Figure 12B illustrates the reactivity of anti-NBHA-dRp antibody toward single stranded and duplex DNA. Figure 13 illustrates that the number of antibody reactive sites detected in fl single stranded DNA modified with NBHA and exposed to ionizing radiation, was proportional to the x-ray dose.
Detailed Description of the Invention
According to the methods of this invention, aldehyde-containing lesions in nucleic acid are detected by reacting the nucleic acid with an ARP and then detecting the amount of ARP complexed as an indication of the amount of aldehyde-containing sites in the nucleic acid. The ARP is chemically specific for aldehyde groups in the nucleic acid. The amount of ARP complexed to the nucleic acid is directly proportional to the quantity of aldehyde-containing lesions in the nucleic acid.
Aldehyde-containing lesions detectable by the method of this invention may be naturally occurring, or may be induced by such methods as x-irradiation, chemical treatment, or genetic alteration. Aldehyde-containing lesions are primarily apyrimidinic and apurinic (abasic) sites (AP) . These occur in nucleic acids as a result of cleavage of the N-glycosylic bond between the pyrimidine or purine base and the ribose. Other aldehyde-containing lesions such as formamidopyrimidine, which is an imidazole ring opened purine induced by ionizing radiation, can be detected by the method of this invention. Aldehyde-containing lesions detected in, for example, x-ray irradiated DNA, probably include AP sites, such as alkali labile sugar lesions, strand breaks containing AP sites at the terminus, as well as formamidopyrimidine. Certain classes of AP sites and strand breaks which do not contain an aldehyde group would not be detected by these methods. Since more than one type of x-ray damage is detectable by these methods, they provide a simple and sensitive method for detecting the presence of x-ray damage.

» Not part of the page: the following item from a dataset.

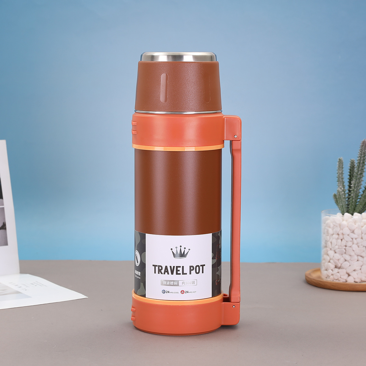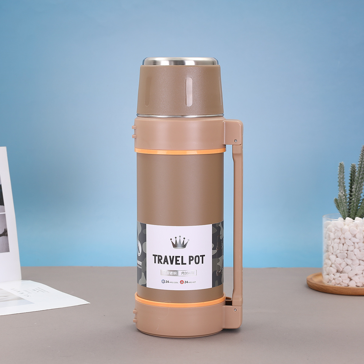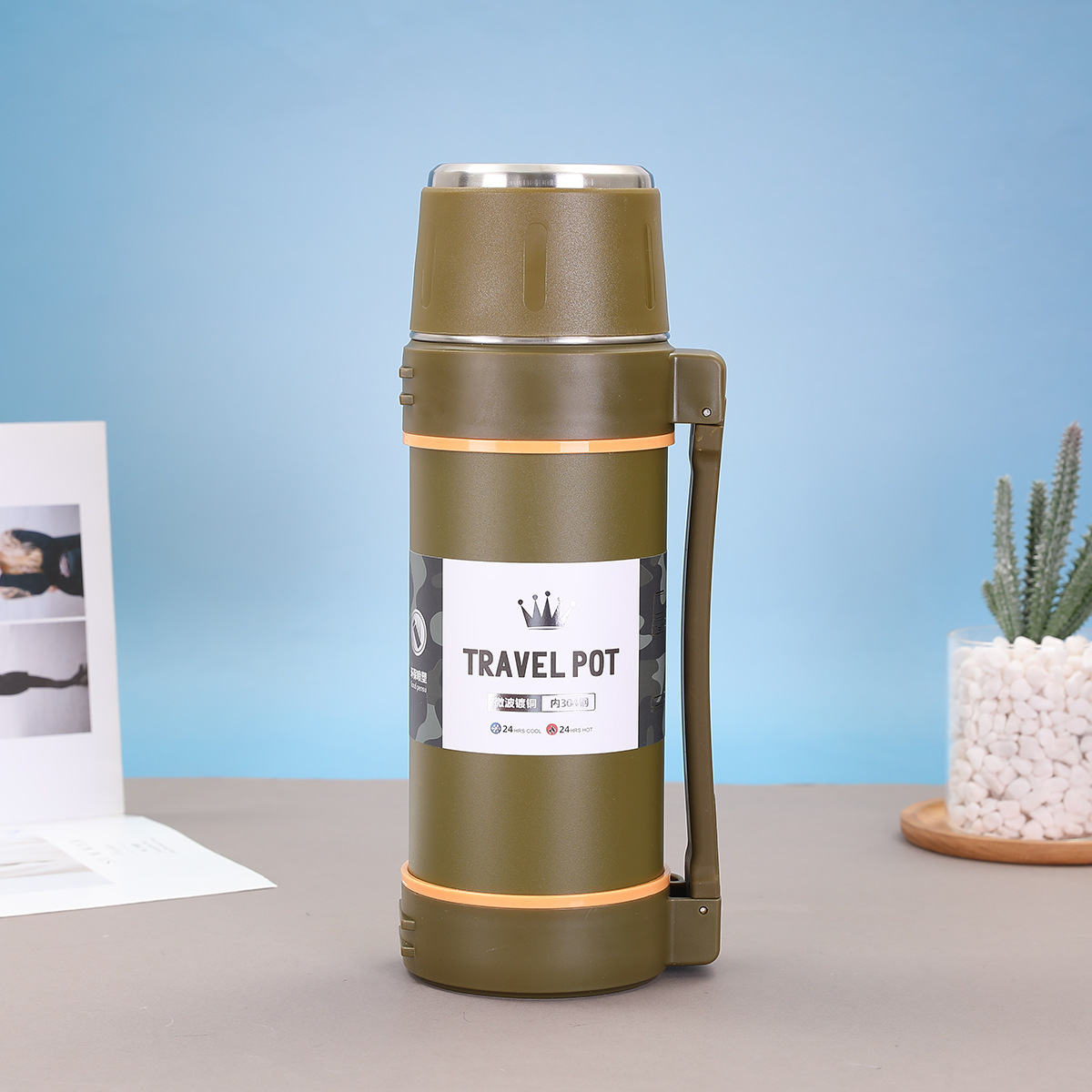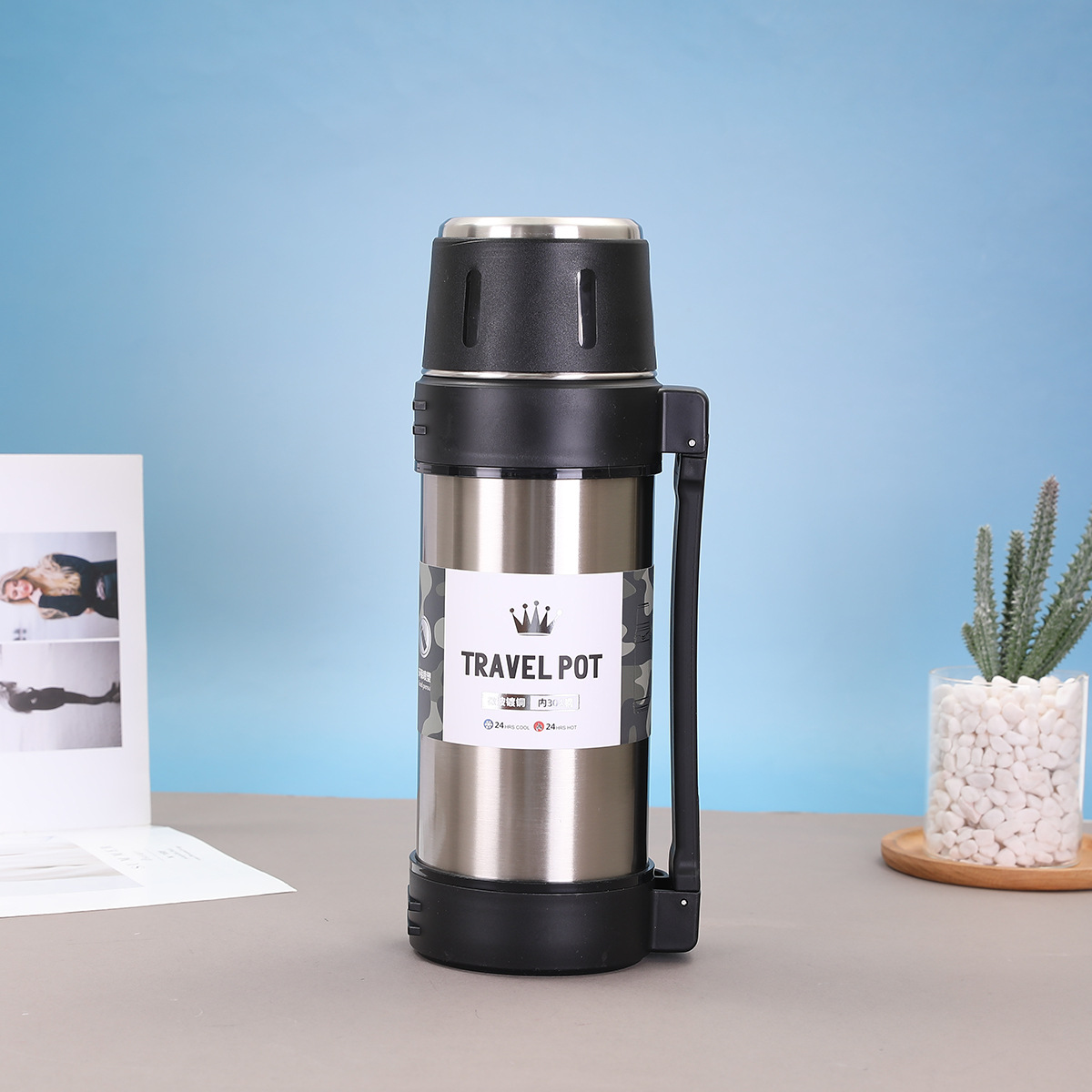 대용량 304 스테인레스 스틸 보온병 컵 한 뚜껑 이중 사용 야외 등산 여행 냄비 휴대용 스트랩 스포츠 워터 컵스토어 가기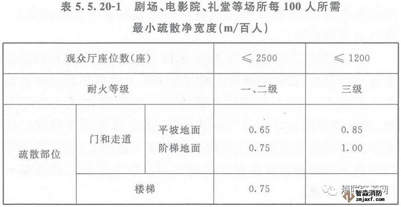 2、劇場、電影院、禮堂等場所供觀眾疏散的所有內(nèi)門、外門、樓梯和走道的各自總凈寬度,應(yīng)根據(jù)疏散人數(shù)按每100人的最小疏散凈寬度不小于表5.5.20-1的規(guī)定計算確定;

The nucleic acid can include DNA, RNA, rRNA, tRNA, and the like. Typically the nucleic acid is DNA. DNA is generally prepared for the assay as described by Ausubel e_£ al. (1989) Current Protocols in Molecular Biology, John Wiley & Sons, New York. The ARP of this invention are reagents which specifically react with the aldehyde group of a lesion of a nucleic acid. In preferred embodiments, the ARP is an O-alkyl hydroxylamine. O-alkyl hydroxylamines react specifically with aldehyde groups in the nucleic acid. A particularly preferred ARP is O-4-nitrobenzyl hydroxylamine (NBHA) , which forms an iminic linkage with abasic sites. This reaction stabilizes the phosphodiester bond 3' to the original aldehyde-containing site, producing O-NBHA residues at the site.
The ARP and the nucleic acid are reacted by incubating them under conditions conducive for reaction of the ARP with the aldehyde groups of the nucleic acid. In general, the incubation is performed in a physiological buffer at room temperature. The ARP reacts with the aldehyde group to form a complex which can be detected in various ways. The ARP can be tagged with a detectable label such as an enzyme, radioisotope or fluorescent compound. In a preferred embodiment, the ARP is biotinylated. For example, a biotinylated O-alkyl hydroxylamine can be formed by reacting O-carboxymethyl hydroxylamine and biotin hydrazide in the presence of carbodiimide. The biotinylated ARP can be detected by means of a biotinylated enzyme bound to the complexed ARP through an avidin-mediated linkage. Preferred enzymes are peroxidases, such as horseradish peroxidase, but other types of enzyme, such as phosphatases, oxidases, galactosidases and ureases may be used.
The complexed ARP can also be detected immunologically. This can be done with an antibody that specifically binds to an epitope formed by the complexation of the ARP to the nucleic acid. For example, antibodies can be raised against an epitope formed by the complex of NBHA and an abasic site.
A monoclonal antibody is preferred. Monoclonal antibody specific for an ARP complex can be prepared by standard somatic cell hybridization technqiues f(Milstein and Kohler (1975) Nature 256:495-497). Briefly, an appropriate animal, such as a mouse, is immunized with an analog of the ARP complex. For example, to produce an antibody against NBHA sites in DNA, 5'phosphodeoxyribosyl O-4-nitrobenzyl hydroxylamine can be conjugated to a protein such as BSA and used as the immunogen. After immunization, the animal is sacrificed, and cells are removed from its spleen and fused with myeloma cells or other immortalizing cells. The resulting antibody- producing cells (hybridomas) are screened to idenfity the antibodies of desired specificity. The antibodies can be screened for reactivity with the immunogen by an ELISA or similar assay. The antibody can then be evaluated for appropriate sensitivity and specificity in the detection of ARP sites in nucleic acids. For detection, the antibody can be labelled with an enzyme, a radioisotope, fluorescent compound or other detectable label. The enzyme can be peroxidase alkaline phosphatase, glucose oxidase, galactosidase, urease, and the like. In a preferred embodiment, the antibody is detected by means of a second antibody directed against it. For example, the second antibody can be directed against the Fc region of the first antibody (e.g., if the primary antibody is murine, a goat anti-mouse antibody can be used). In this format, the second antibody is labelled for detection as described above.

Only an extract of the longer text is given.